* Source information *
----
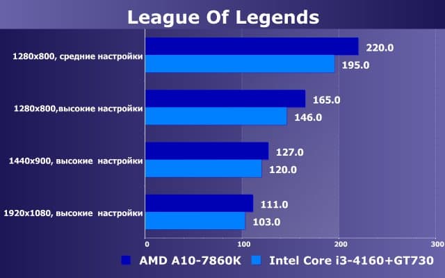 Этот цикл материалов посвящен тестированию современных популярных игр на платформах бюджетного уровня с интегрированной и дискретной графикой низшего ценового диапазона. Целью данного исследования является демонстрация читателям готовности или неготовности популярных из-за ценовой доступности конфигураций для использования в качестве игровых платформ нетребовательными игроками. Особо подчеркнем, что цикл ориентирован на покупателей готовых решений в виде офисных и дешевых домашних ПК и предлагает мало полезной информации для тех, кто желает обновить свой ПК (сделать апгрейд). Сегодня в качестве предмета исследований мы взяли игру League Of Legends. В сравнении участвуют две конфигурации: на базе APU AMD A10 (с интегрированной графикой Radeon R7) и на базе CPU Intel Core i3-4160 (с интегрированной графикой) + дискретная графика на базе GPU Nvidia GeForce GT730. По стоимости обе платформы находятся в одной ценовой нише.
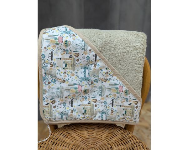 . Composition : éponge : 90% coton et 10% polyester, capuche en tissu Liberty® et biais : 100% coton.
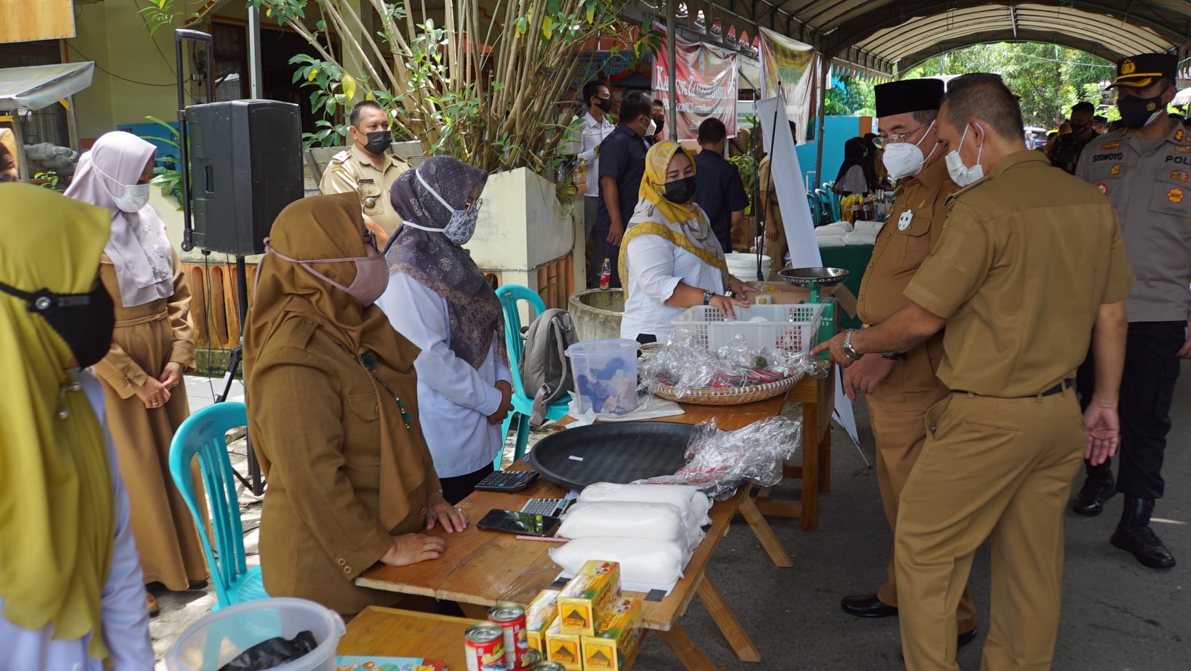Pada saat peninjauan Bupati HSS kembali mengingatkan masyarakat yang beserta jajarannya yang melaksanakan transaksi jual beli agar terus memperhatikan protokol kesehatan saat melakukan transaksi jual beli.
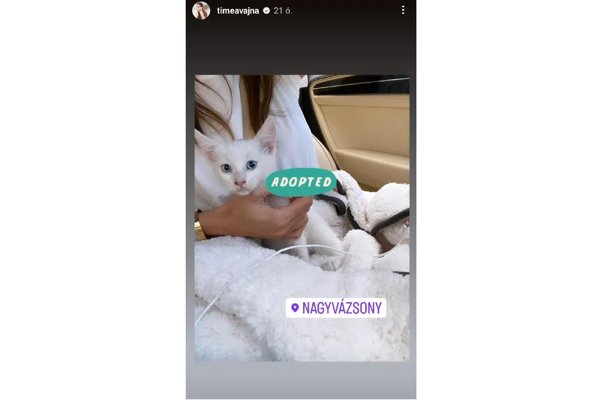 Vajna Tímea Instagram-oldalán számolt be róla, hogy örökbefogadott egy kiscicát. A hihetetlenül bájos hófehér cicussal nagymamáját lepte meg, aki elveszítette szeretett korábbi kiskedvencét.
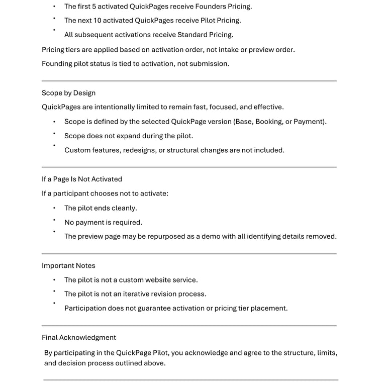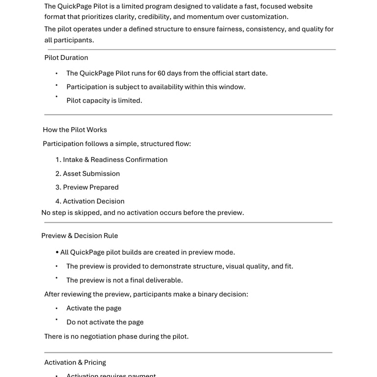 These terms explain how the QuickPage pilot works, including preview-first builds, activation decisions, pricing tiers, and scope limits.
----
* Your assignment *
Your answer should consist solely of the lines from the one holding "Vajna Tímea Instagram-oldalán" through the end of the listing, reproduced exactly and without pictures.

* Completed exercise *
 Vajna Tímea Instagram-oldalán számolt be róla, hogy örökbefogadott egy kiscicát. A hihetetlenül bájos hófehér cicussal nagymamáját lepte meg, aki elveszítette szeretett korábbi kiskedvencét.
 These terms explain how the QuickPage pilot works, including preview-first builds, activation decisions, pricing tiers, and scope limits.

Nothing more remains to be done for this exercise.